Aim of the task: From the listing that follows, output everything exactly except the pictures.

Data extract:
>>>>
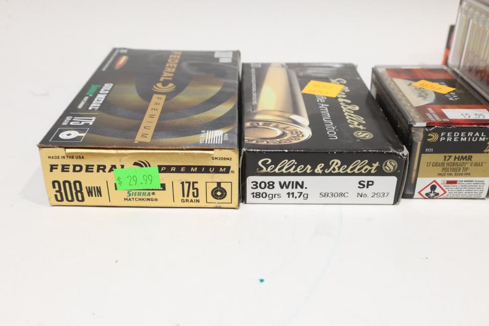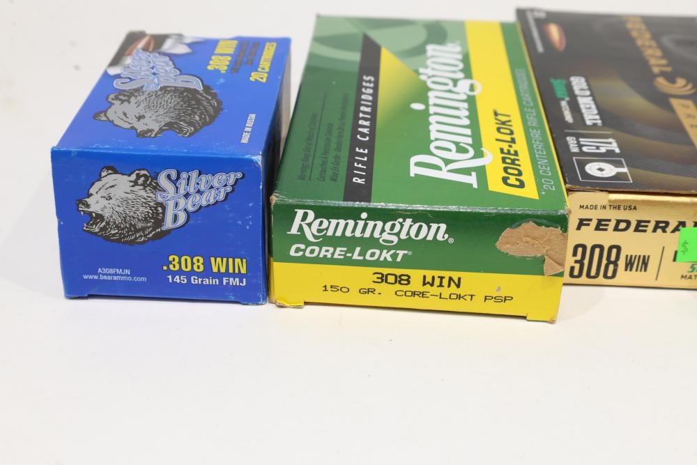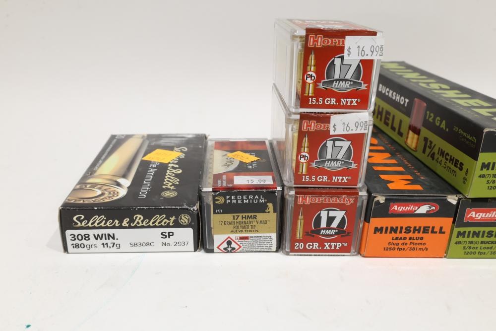 Ammunition including Silver Bear .308 Win 145 gr FMJ (20 rounds), Remington Core-Lokt .308 Win 150 gr PSP (20 rounds), Federal Premium Gold Medal .308 Win 175 gr Sierra MatchKing (20 rounds), Sellier & Bellot .308 Win 180 gr SP (20 rounds), multiple boxes of Hornady and Federal Premium 17 HMR in 15.5 gr NTX, 17 gr V-Max, and 20 gr XTP loads, and Aguila 12 ga Minishell cartridges in buckshot, slug, and 7-1/2 shot configurations, along with a bagged assortment of loose .308 Win cartridges. All lots are subject to all applicable laws at the time of transfer. NOTE: Semi automatic rifles and all handguns require a license in NYS. There is a $35 transfer fee per long gun. There is a $40 transfer fee per hand gun. There is a $20 transfer fee per ammunition lot. If you fail the background check, the transfer fee still applies, and you are still required to make payment and then reconsign the lot to auction. FFL dealers are not exempt from these fees. A background check will be required for all buyers purchasing a firearm and/or ammunition. NYS charges a background check fee for all firearms and ammunition. The fee is $9 for firearms and $2.50 for ammunition. The NYS fee is per background check NOT per lot, will be collected directly by Civil Armory, and is in addition to transfer fees. All lots are subject to all applicable laws at the time of transfer. NOTE: Semi automatic rifles and all handguns require a license in NYS. There is a $35 transfer fee per long gun. There is a $40 transfer fee per hand gun. There is a $20 transfer fee per ammunition lot. If you fail the background check, the transfer fee still applies, and you are still required to make payment and then reconsign the lot to auction. FFL dealers are not exempt from these fees. A background check will be required for all buyers purchasing a firearm and/or ammunition. NYS charges a background check fee for all firearms and ammunition. The fee is $9 for firearms and $2.50 for ammunition. The NYS fee is per background check NOT per lot, will be collected directly by Civil Armory, and is in addition to transfer fees.
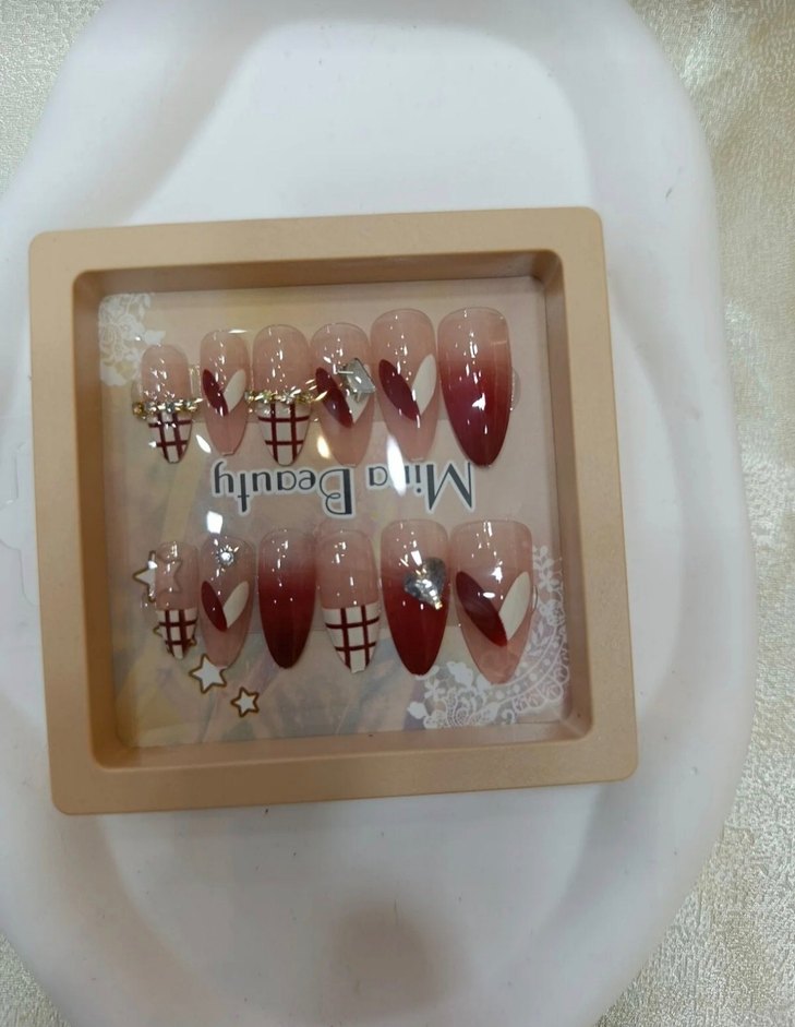 Bej ve bordo renklerde, kalp ve ızgara desenli tırnak süsü seti. Küçük yıldız detaylarıyla hafif parlak tonlarda.
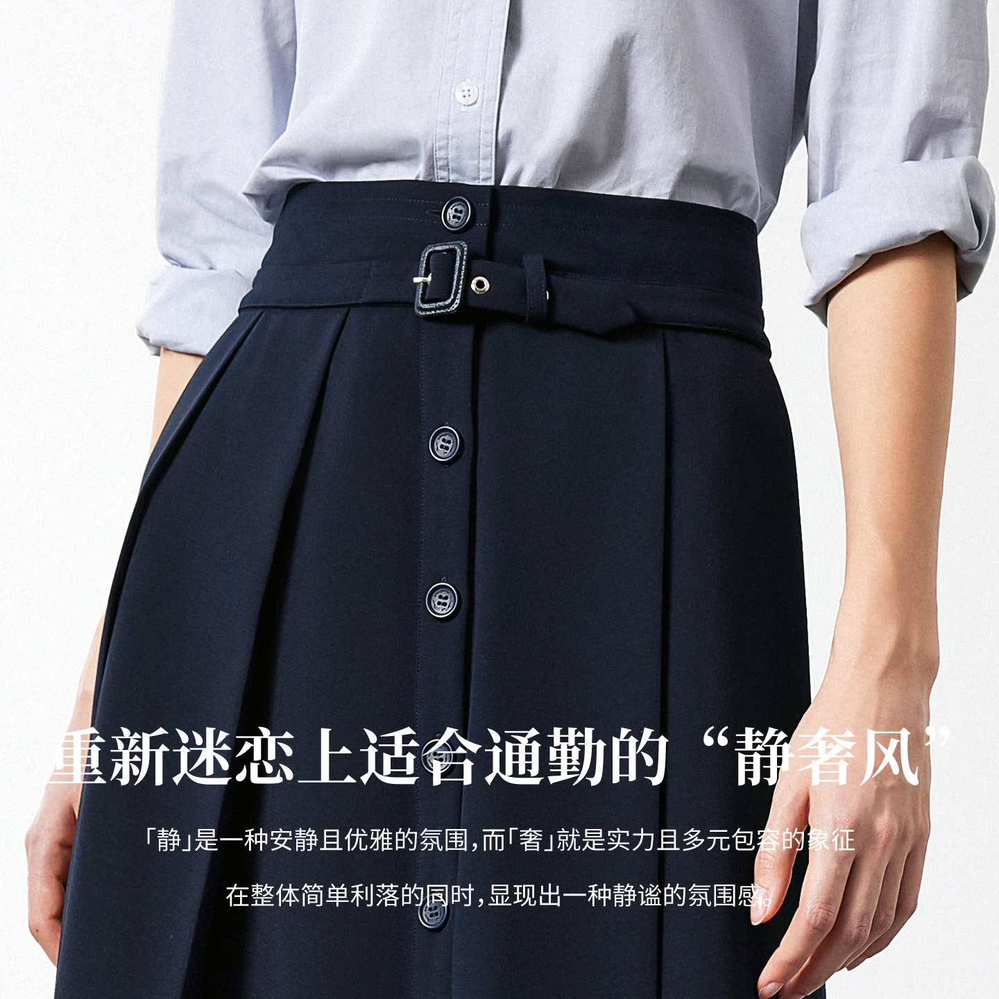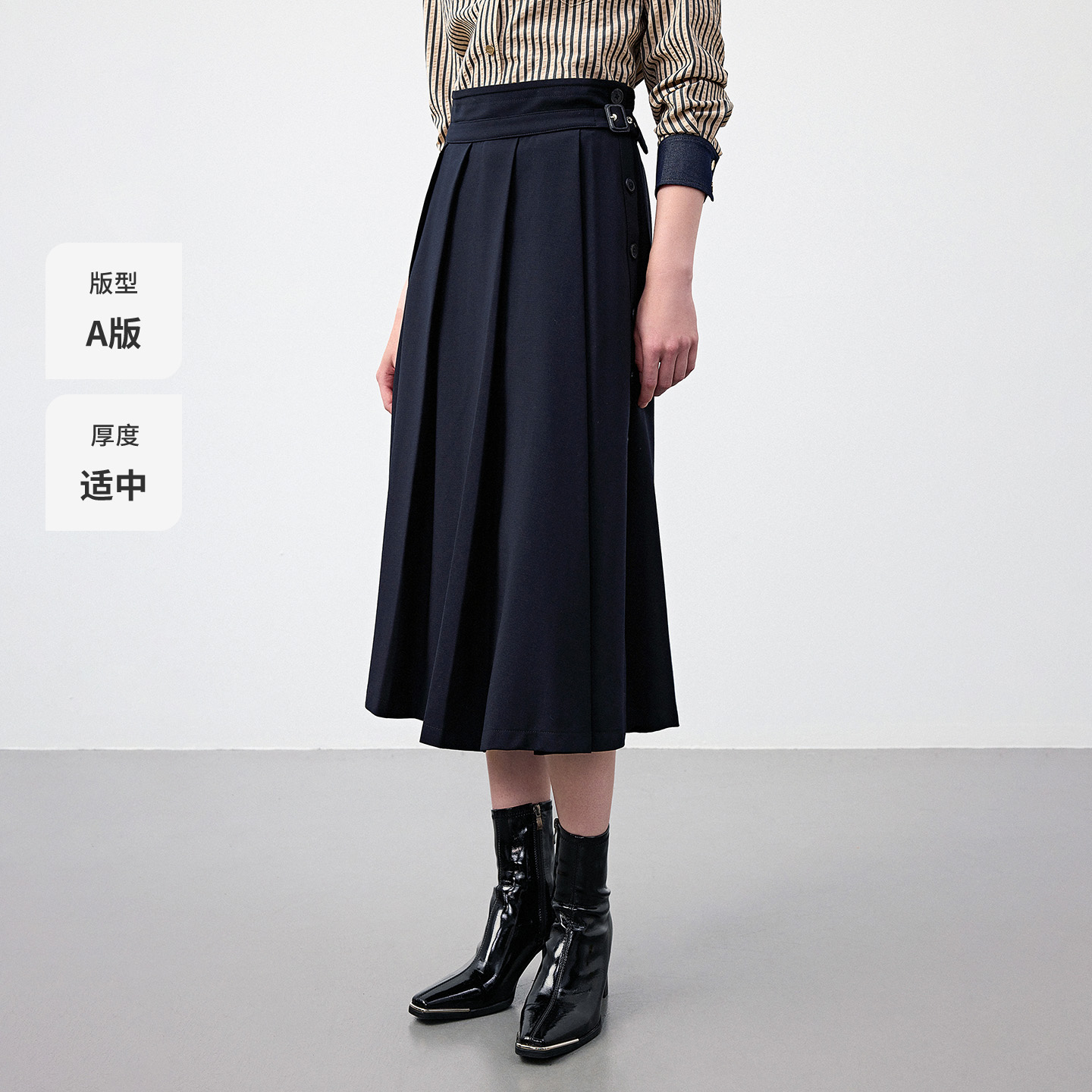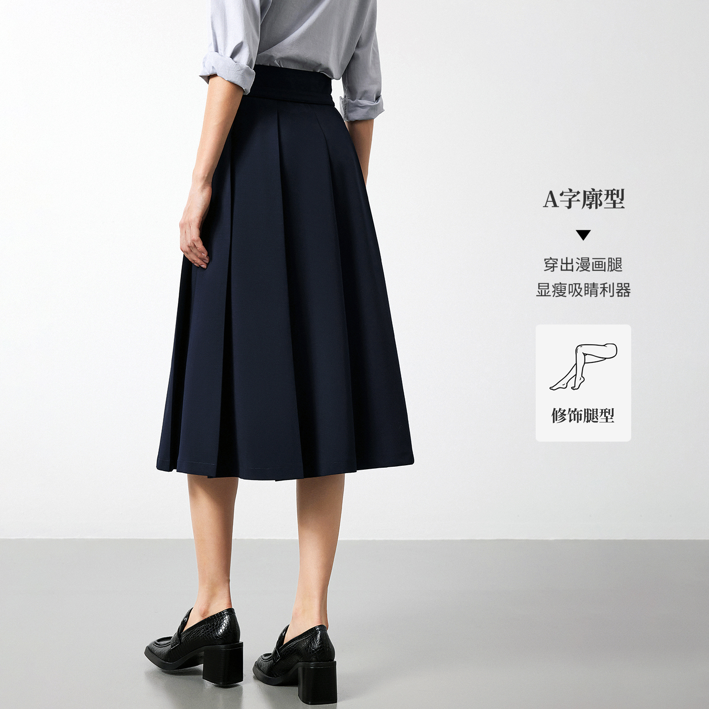 Navigare意大利小帆船通勤半身裙女秋季 伞裙高腰A字裙百褶裙 修身
<<<<
Task response:
 Ammunition including Silver Bear .308 Win 145 gr FMJ (20 rounds), Remington Core-Lokt .308 Win 150 gr PSP (20 rounds), Federal Premium Gold Medal .308 Win 175 gr Sierra MatchKing (20 rounds), Sellier & Bellot .308 Win 180 gr SP (20 rounds), multiple boxes of Hornady and Federal Premium 17 HMR in 15.5 gr NTX, 17 gr V-Max, and 20 gr XTP loads, and Aguila 12 ga Minishell cartridges in buckshot, slug, and 7-1/2 shot configurations, along with a bagged assortment of loose .308 Win cartridges. All lots are subject to all applicable laws at the time of transfer. NOTE: Semi automatic rifles and all handguns require a license in NYS. There is a $35 transfer fee per long gun. There is a $40 transfer fee per hand gun. There is a $20 transfer fee per ammunition lot. If you fail the background check, the transfer fee still applies, and you are still required to make payment and then reconsign the lot to auction. FFL dealers are not exempt from these fees. A background check will be required for all buyers purchasing a firearm and/or ammunition. NYS charges a background check fee for all firearms and ammunition. The fee is $9 for firearms and $2.50 for ammunition. The NYS fee is per background check NOT per lot, will be collected directly by Civil Armory, and is in addition to transfer fees. All lots are subject to all applicable laws at the time of transfer. NOTE: Semi automatic rifles and all handguns require a license in NYS. There is a $35 transfer fee per long gun. There is a $40 transfer fee per hand gun. There is a $20 transfer fee per ammunition lot. If you fail the background check, the transfer fee still applies, and you are still required to make payment and then reconsign the lot to auction. FFL dealers are not exempt from these fees. A background check will be required for all buyers purchasing a firearm and/or ammunition. NYS charges a background check fee for all firearms and ammunition. The fee is $9 for firearms and $2.50 for ammunition. The NYS fee is per background check NOT per lot, will be collected directly by Civil Armory, and is in addition to transfer fees.
 Bej ve bordo renklerde, kalp ve ızgara desenli tırnak süsü seti. Küçük yıldız detaylarıyla hafif parlak tonlarda.
 Navigare意大利小帆船通勤半身裙女秋季 伞裙高腰A字裙百褶裙 修身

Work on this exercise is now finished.